■ What this task involves
Repeat nothing but the line that contains "3年美術作品 アッサンブラージュ 公開日" and the lines after it, through the end of the listing, exactly as they stand; omit pictures.

■ Collected material
<<<<
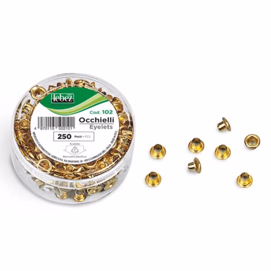 Occhielli in ottone ideali per rinforzare fori su documenti, cartoncini e supporti cartacei. Progettati per l'utilizzo con occhiellatrici compatibili, garantiscono una finitura resistente e ordinata.
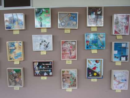3年美術作品 アッサンブラージュ 公開日 2022/11/24 更新日 2022/11/24 3学年 3年生美術の授業で制作したアッサンブラージュが出来上がったクラスから展示されています。箱の中にどんな世界があるかぜひご覧ください。
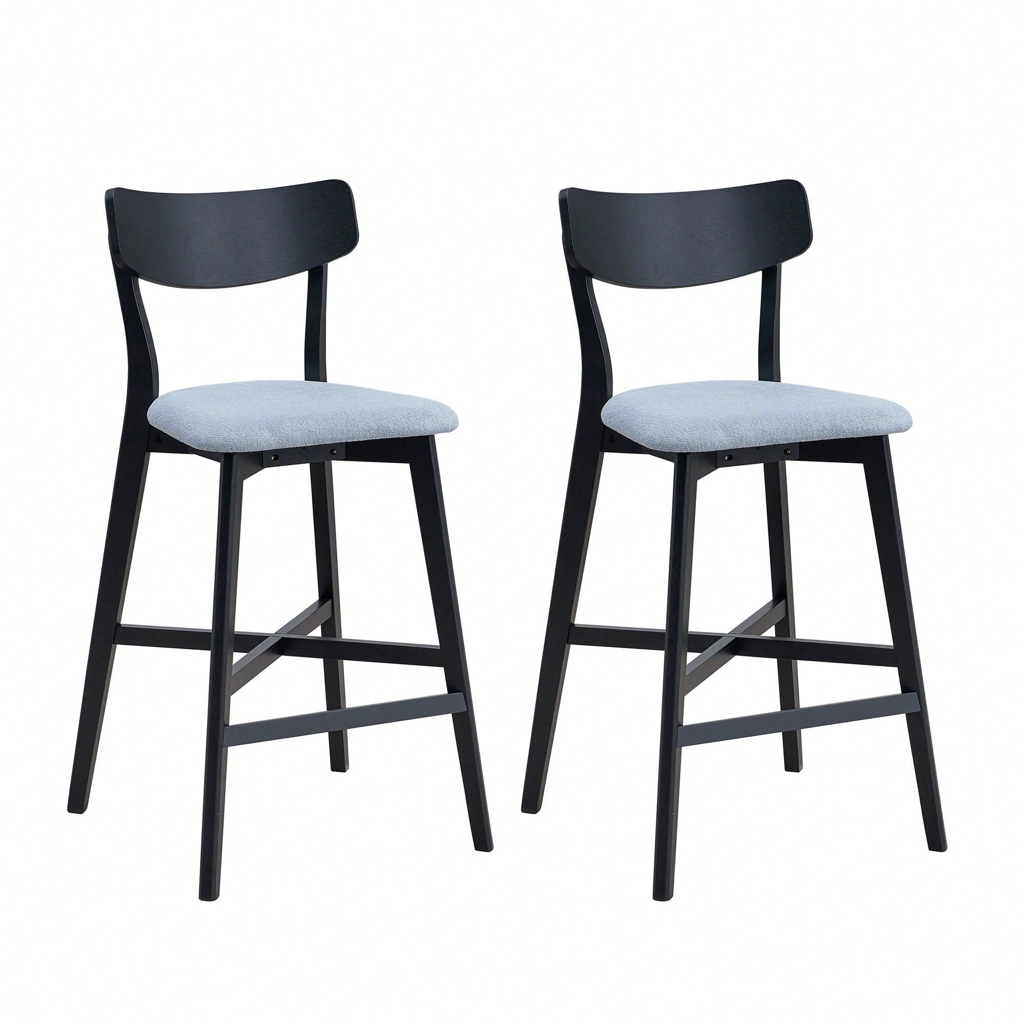 Modern Upholstered Kitchen Island Bar Chairs Set Of 2 With Backrest And Footrest For Pub Living Room And Restaurant Black Wooden Frame
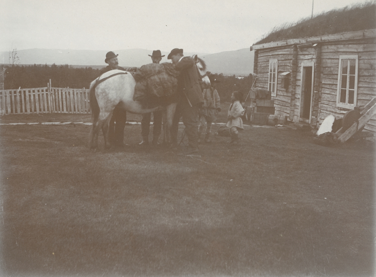Fotografi från expedition till Grönland. Motiv av tre män som inspekterar en häst. Bredvid dem står två små barn. På bilden syns även ett trähus med grästak.
>>>>
■ Reply
3年美術作品 アッサンブラージュ 公開日 2022/11/24 更新日 2022/11/24 3学年 3年生美術の授業で制作したアッサンブラージュが出来上がったクラスから展示されています。箱の中にどんな世界があるかぜひご覧ください。
 Modern Upholstered Kitchen Island Bar Chairs Set Of 2 With Backrest And Footrest For Pub Living Room And Restaurant Black Wooden Frame
Fotografi från expedition till Grönland. Motiv av tre män som inspekterar en häst. Bredvid dem står två små barn. På bilden syns även ett trähus med grästak.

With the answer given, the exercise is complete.